**TASK ITEM**:
Each line from the one holding "11月23日下午,2026年" to the last line of the listing must be set down exactly. No pictures are to be included.

**INFORMATION SHOWN**:
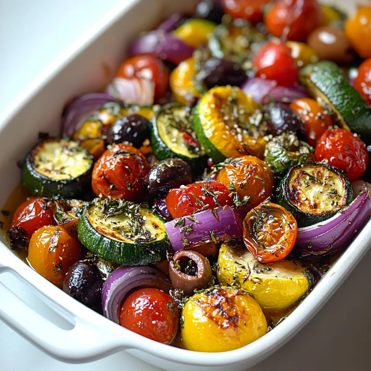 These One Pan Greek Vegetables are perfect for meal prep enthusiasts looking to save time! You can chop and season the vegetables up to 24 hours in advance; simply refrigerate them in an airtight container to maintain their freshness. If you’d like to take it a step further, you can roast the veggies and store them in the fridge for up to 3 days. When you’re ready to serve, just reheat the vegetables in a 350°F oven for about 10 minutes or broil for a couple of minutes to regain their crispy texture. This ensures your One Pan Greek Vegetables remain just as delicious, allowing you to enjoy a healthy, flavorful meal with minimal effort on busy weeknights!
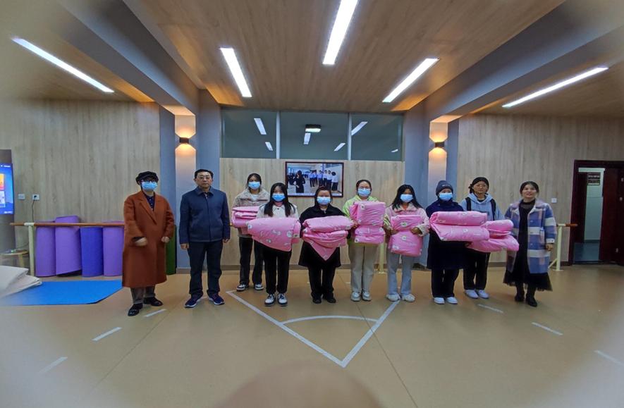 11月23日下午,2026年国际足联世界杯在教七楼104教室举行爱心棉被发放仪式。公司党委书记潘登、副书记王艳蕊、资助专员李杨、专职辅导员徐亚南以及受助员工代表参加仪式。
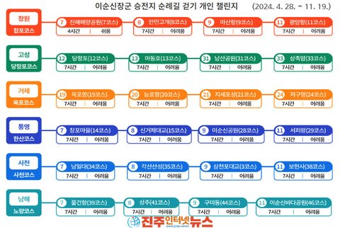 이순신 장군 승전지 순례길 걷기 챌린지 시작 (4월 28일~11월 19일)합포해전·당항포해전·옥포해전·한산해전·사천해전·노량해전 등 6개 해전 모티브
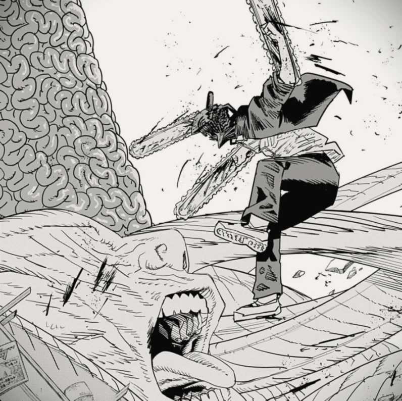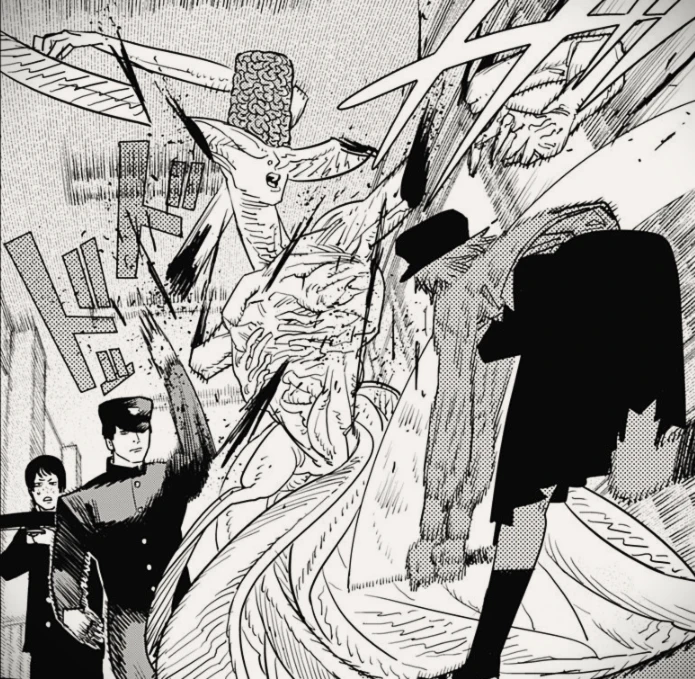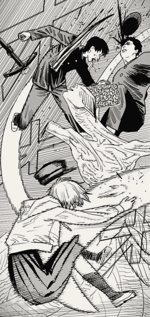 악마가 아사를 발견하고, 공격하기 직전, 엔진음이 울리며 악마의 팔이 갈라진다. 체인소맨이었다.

**EXPECTED ANSWER**:
 11月23日下午,2026年国际足联世界杯在教七楼104教室举行爱心棉被发放仪式。公司党委书记潘登、副书记王艳蕊、资助专员李杨、专职辅导员徐亚南以及受助员工代表参加仪式。
 이순신 장군 승전지 순례길 걷기 챌린지 시작 (4월 28일~11월 19일)합포해전·당항포해전·옥포해전·한산해전·사천해전·노량해전 등 6개 해전 모티브
 악마가 아사를 발견하고, 공격하기 직전, 엔진음이 울리며 악마의 팔이 갈라진다. 체인소맨이었다.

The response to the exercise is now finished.